[PROBLEM DESCRIPTION]:
Transcribe exactly the lines from the first line of the records through the line containing "Veltibollinn með mynstrinu", and leave out every picture.

[Stored records]:
--

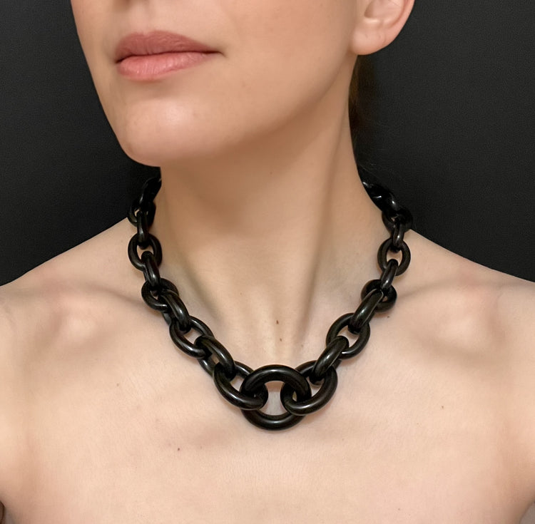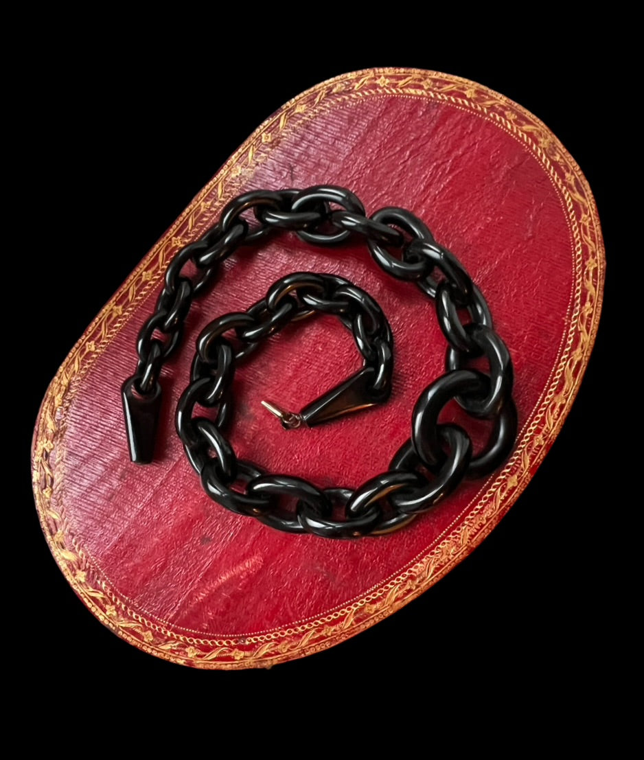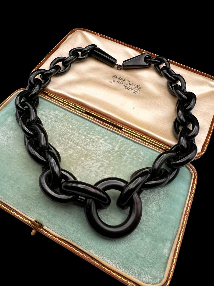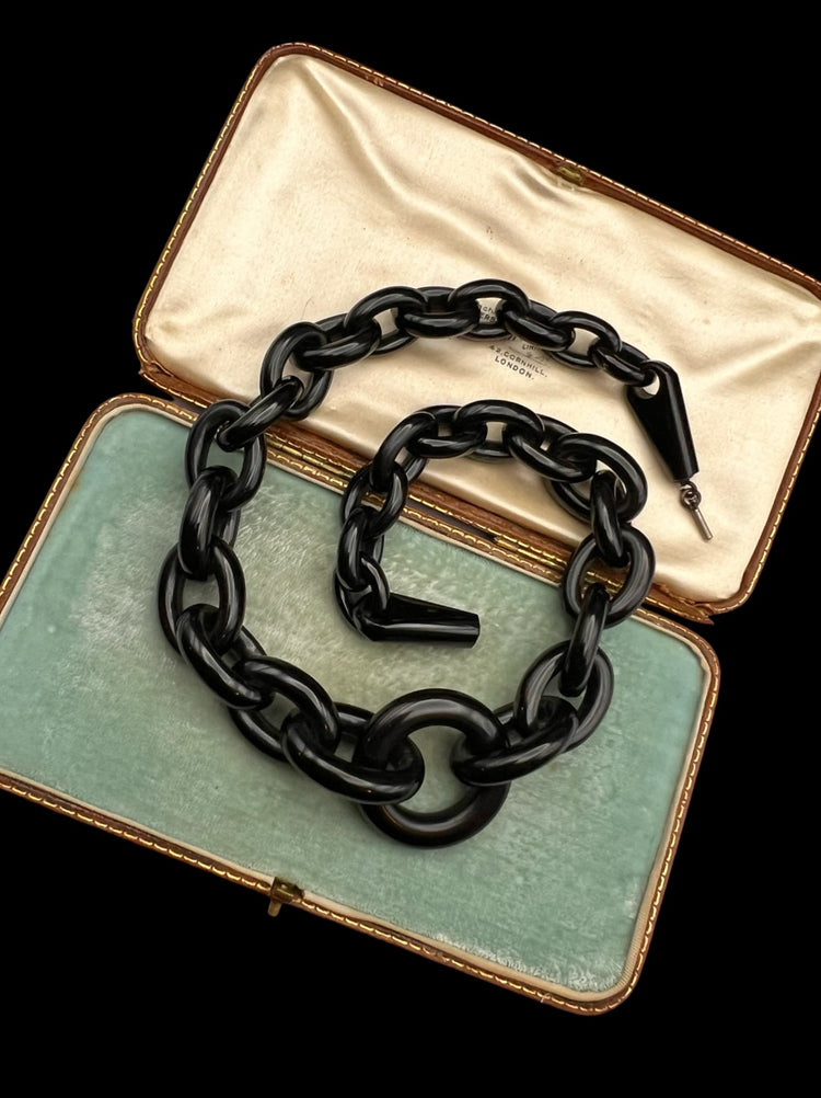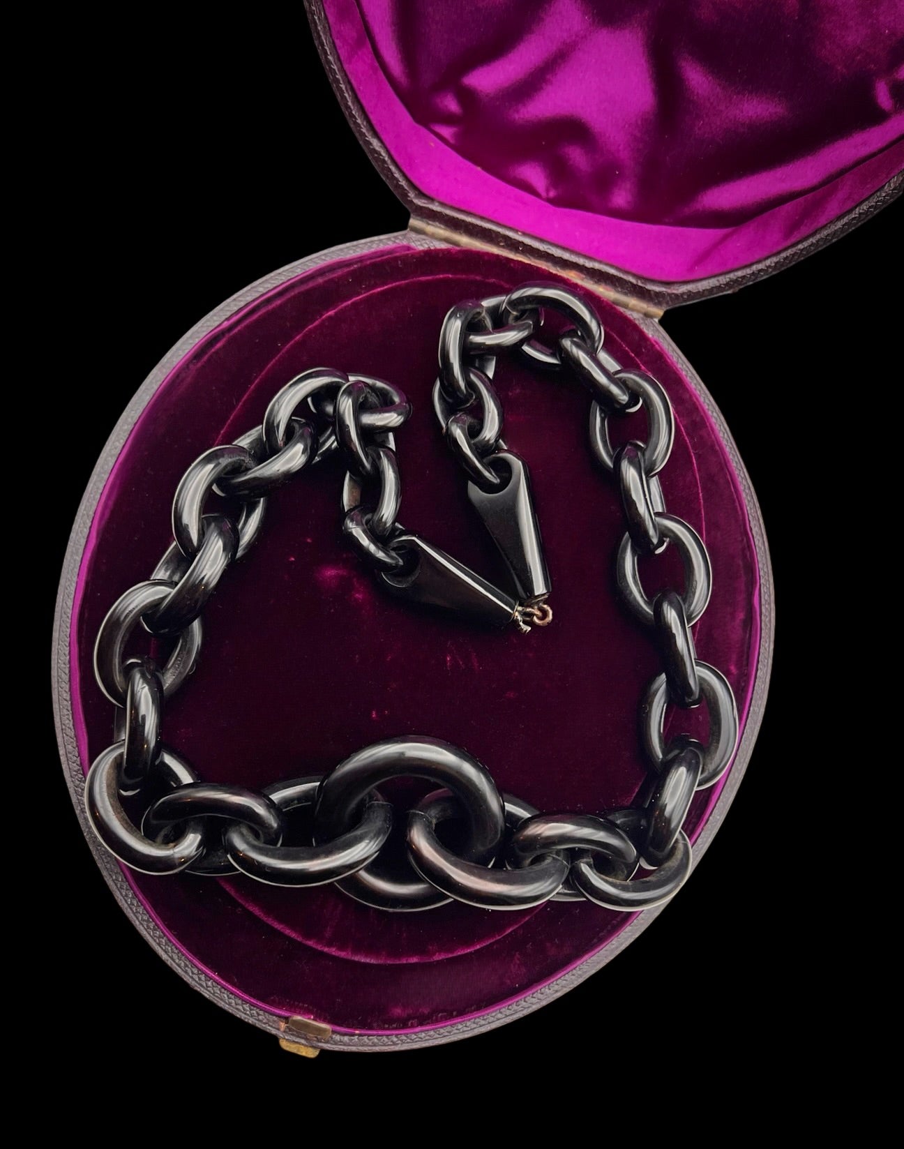 VICTORIAN CHUNKY WHITBY JET CHAIN NECKLACE
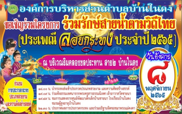 ประชาสัมพันธ์เชิญชวนเที่ยวงานโครงการ ร่วมรักษ์สายน้ำตามวิถีไทย(ประเพณี ลอยกระทงประจำปี 2565)
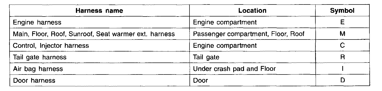 Electrical wiring connectors are classified according to the wiring parts in the Harness Layouts.
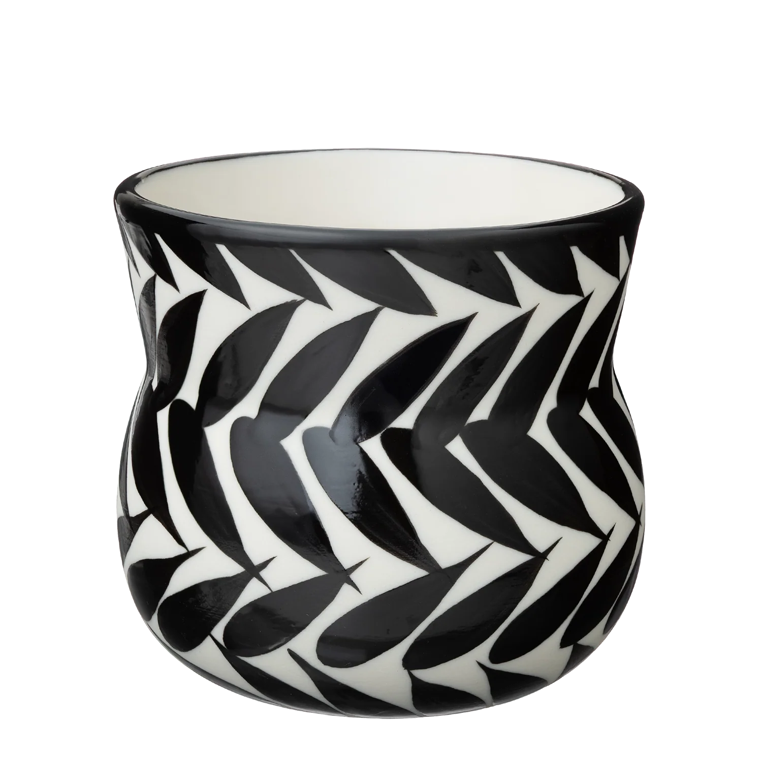 Veltibollinn með mynstrinu Fiskibein er mótaður úr hágæða postulíni og er vandlega handmálaður með svörtum lit á hinn hvíta og náttúrulega lit postulínsins.
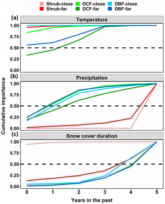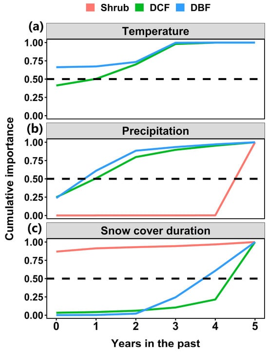 Cumulative importance of antecedent temperature (a), precipitation (b) and snow cover duration (c) on different vegetation types. Equivalent to ‘cumulative probabilities’, climate effects experienced over the concurrent year and past five years (x-axis) account for cumulative importance (y-axis) of the climate covariate to NDVI. The posterior mean cumulative importance is shown for each antecedent climatic variable, with different colored lines representing different vegetation types. Only vegetation types responding to climate variables in Figure 3 are included. The dashed line at a cumulative importance of 0.5 indicates the threshold for the critical lag period. The time when the cumulative importance crosses this line is considered the timescale of the memory effect for each vegetation type and for the climatic driver. DCF and DBF are deciduous coniferous forest and deciduous broadleaf forest, respectively.
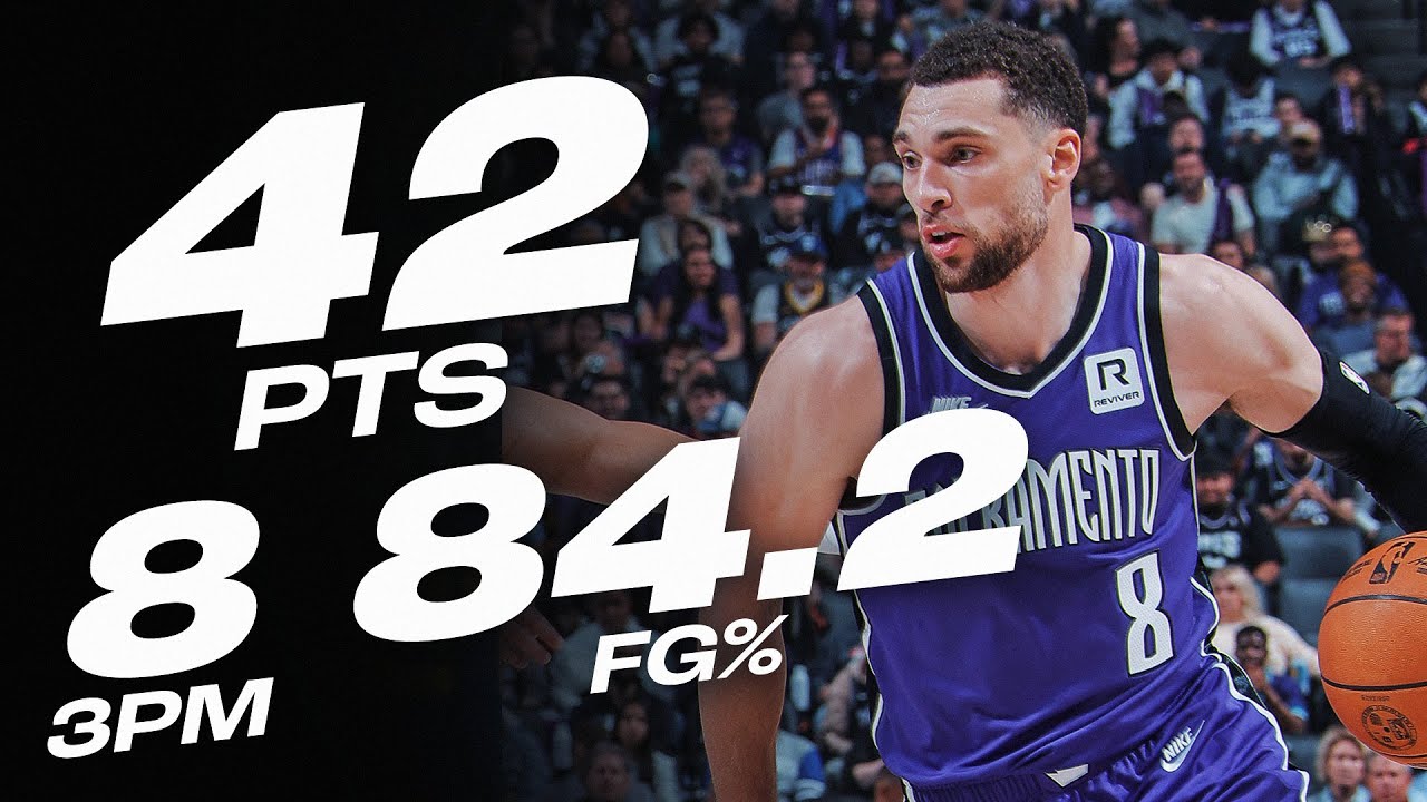 POR 125 (23-28) Dans la nette victoire des Kings sur les Hornets 130 à 88, Zach LaVine score la bagatelle de 42 points à une adresse folle de 16/19 aux tirs dont un terrible 8/9 à trois points, 2/3 aux lancers francs et 3 rebonds en seulement 31 minutes de temps de jeu. Il reste des miettes pour DeMar DeRozan, 18 points et 7 rebonds et Malik Monk, 13 points.

--

[FINAL ANSWER]:
 VICTORIAN CHUNKY WHITBY JET CHAIN NECKLACE
 ประชาสัมพันธ์เชิญชวนเที่ยวงานโครงการ ร่วมรักษ์สายน้ำตามวิถีไทย(ประเพณี ลอยกระทงประจำปี 2565)
 Electrical wiring connectors are classified according to the wiring parts in the Harness Layouts.
 Veltibollinn með mynstrinu Fiskibein er mótaður úr hágæða postulíni og er vandlega handmálaður með svörtum lit á hinn hvíta og náttúrulega lit postulínsins.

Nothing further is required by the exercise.